____ DATA FOR REVIEW

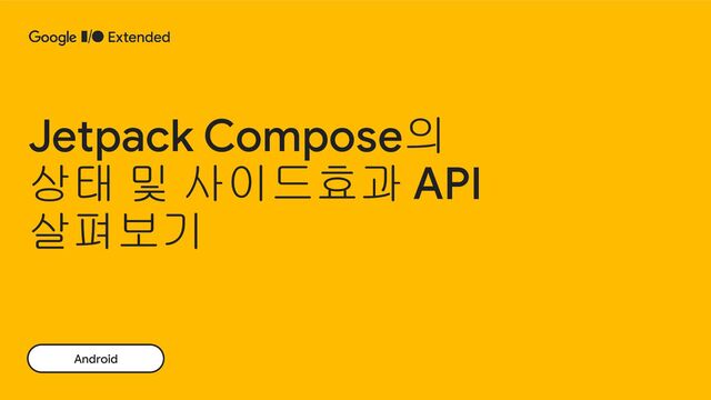 & 리컴포지션 시 별도 계산없이 사용 collectAsState collectAsStateWithLifecycle Flow 값을 수집하고 최신 값을 컴포즈 상태로 나타냄 LaunchedEffect 컴포저블 함수 내 코루틴 suspend 함수 실행 rememberUpdateState 할당된 데이터를 remember로 보존 & 값이 들어올때마다 새로운 value Emit StateHolder 많은 양의 State들을 한 곳에 모아 관리할때 사용 DisposableEffect Composition에서 Composable 함수가 끝날 때 호출되는 Callback 함수 DerivedStateOf 다른 상태로부터 파생된 State를 구할때 사용 APIs
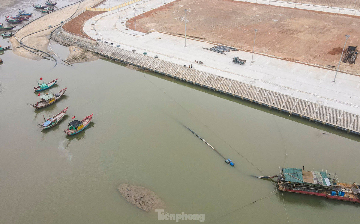 Khu vực cầu cảng sẽ cần hút 225.000 khối cát biển, tạo luồng lạch giúp tàu thuyền ra vào.
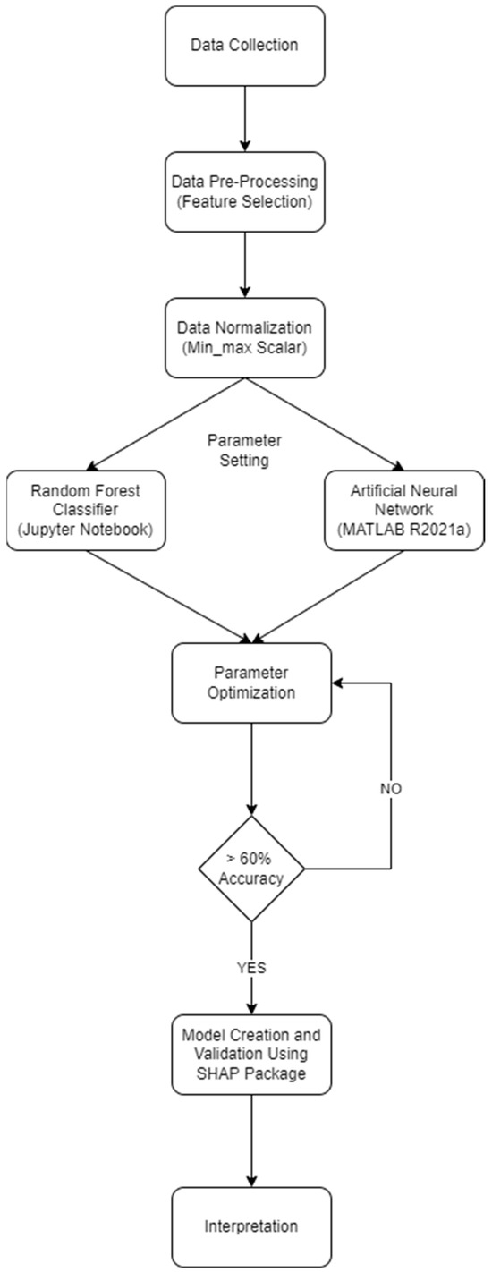 For the Python software, the sklearn package was employed, considering sklearn model selection, tree, decisiontreeclassifier, train_test_split, and metrics. Accordingly, the sklearn.ensemble with randomforestclassifier import was considered alongside sklearndataset and make_classification packages and libraries. Lastly, the classification_report and confusion_matrix were employed for training and testing output reports. For the MALTAB program, the machine learning package was employed, utilizing the neural network fit with the Levenberg-Marquart Algorithm, Bayesian Regularization, and Scaled Conjugated Gradient. The iterative process using the package was considered while finetuning the different parameters.
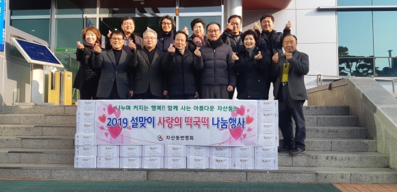사랑의 떡국떡 나눔행사는 매년 자산동번영회에서 주관하는 설맞이행사로 관내 주민모두가 따뜻한 새해를 보낼 수 있도록 바라는 마음으로 2013년부터 매년 정기적으로 개최하는 행사이며, 올해에도 어김없이 이웃사랑 나눔을 실천한 것이어서 더 큰 의미를 담고 있다.
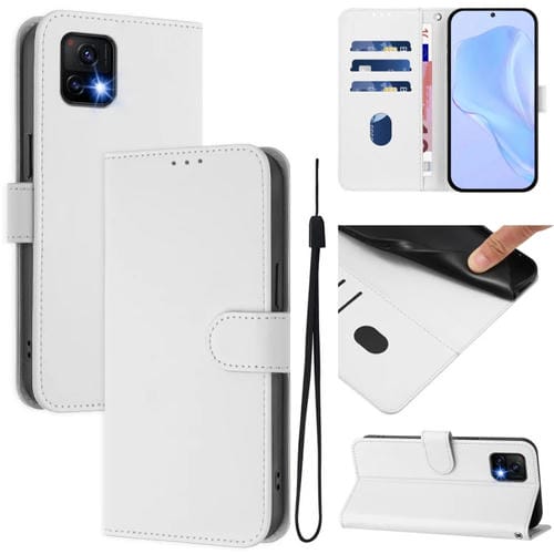 Funda de Cuero con Cordón para Teléfono Vivo Y52S 5G / Iqoo U3 / Y31S 5G con Tacto de Piel de Color Sólido (Blanco)
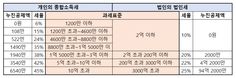 법인의 법인세는 개인의 종합소득세보다 상대적으로 부담이 적습니다. 개인이 1200만 원을 초과하면 세율이 15%로 올라가는 반면 법인은 2억까지 10%를 유지합니다. 2억을 넘겨도 세율 상승 폭이 훨씬 작은 것을 확인할 수 있습니다.
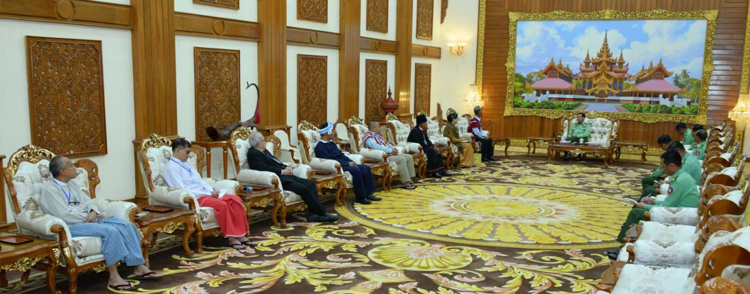 နိုင်ငံတော်စီမံအုပ်ချုပ်ရေးကောင်စီဥက္ကဋ္ဌ တပ်မတော်ကာကွယ်ရေးဦးစီးချုပ် ဗိုလ်ချုပ်မှူးကြီးမင်းအောင်လှိုင်အား တစ်နိုင်ငံလုံး ပစ်ခတ်တိုက်ခိုက်မှုရပ်စဲရေး သဘောတူစာချုပ်(NCA) (၈)နှစ်မြောက် နှစ်ပတ်လည်နေ့အခမ်းအနားသို့ တက်ရောက်ခဲ့သော တိုင်းရင်းသားလက်နက်ကိုင်ကိုယ်စားလှယ်အဖွဲ့များက ယနေ့နံနက်ပိုင်းတွင် နေပြည်တော်ရှိ ဘုရင့်နောင်ရိပ်သာ၊ ဧည့်ခန်းမဆောင်၌ လာရောက်ဂါရဝပြုတွေ့ဆုံသည်။

________

Output every record above exactly, leaving out the pictures.

• [ANSWER SECTION]:
 & 리컴포지션 시 별도 계산없이 사용 collectAsState collectAsStateWithLifecycle Flow 값을 수집하고 최신 값을 컴포즈 상태로 나타냄 LaunchedEffect 컴포저블 함수 내 코루틴 suspend 함수 실행 rememberUpdateState 할당된 데이터를 remember로 보존 & 값이 들어올때마다 새로운 value Emit StateHolder 많은 양의 State들을 한 곳에 모아 관리할때 사용 DisposableEffect Composition에서 Composable 함수가 끝날 때 호출되는 Callback 함수 DerivedStateOf 다른 상태로부터 파생된 State를 구할때 사용 APIs
 Khu vực cầu cảng sẽ cần hút 225.000 khối cát biển, tạo luồng lạch giúp tàu thuyền ra vào.
 For the Python software, the sklearn package was employed, considering sklearn model selection, tree, decisiontreeclassifier, train_test_split, and metrics. Accordingly, the sklearn.ensemble with randomforestclassifier import was considered alongside sklearndataset and make_classification packages and libraries. Lastly, the classification_report and confusion_matrix were employed for training and testing output reports. For the MALTAB program, the machine learning package was employed, utilizing the neural network fit with the Levenberg-Marquart Algorithm, Bayesian Regularization, and Scaled Conjugated Gradient. The iterative process using the package was considered while finetuning the different parameters.
사랑의 떡국떡 나눔행사는 매년 자산동번영회에서 주관하는 설맞이행사로 관내 주민모두가 따뜻한 새해를 보낼 수 있도록 바라는 마음으로 2013년부터 매년 정기적으로 개최하는 행사이며, 올해에도 어김없이 이웃사랑 나눔을 실천한 것이어서 더 큰 의미를 담고 있다.
 Funda de Cuero con Cordón para Teléfono Vivo Y52S 5G / Iqoo U3 / Y31S 5G con Tacto de Piel de Color Sólido (Blanco)
 법인의 법인세는 개인의 종합소득세보다 상대적으로 부담이 적습니다. 개인이 1200만 원을 초과하면 세율이 15%로 올라가는 반면 법인은 2억까지 10%를 유지합니다. 2억을 넘겨도 세율 상승 폭이 훨씬 작은 것을 확인할 수 있습니다.
 နိုင်ငံတော်စီမံအုပ်ချုပ်ရေးကောင်စီဥက္ကဋ္ဌ တပ်မတော်ကာကွယ်ရေးဦးစီးချုပ် ဗိုလ်ချုပ်မှူးကြီးမင်းအောင်လှိုင်အား တစ်နိုင်ငံလုံး ပစ်ခတ်တိုက်ခိုက်မှုရပ်စဲရေး သဘောတူစာချုပ်(NCA) (၈)နှစ်မြောက် နှစ်ပတ်လည်နေ့အခမ်းအနားသို့ တက်ရောက်ခဲ့သော တိုင်းရင်းသားလက်နက်ကိုင်ကိုယ်စားလှယ်အဖွဲ့များက ယနေ့နံနက်ပိုင်းတွင် နေပြည်တော်ရှိ ဘုရင့်နောင်ရိပ်သာ၊ ဧည့်ခန်းမဆောင်၌ လာရောက်ဂါရဝပြုတွေ့ဆုံသည်။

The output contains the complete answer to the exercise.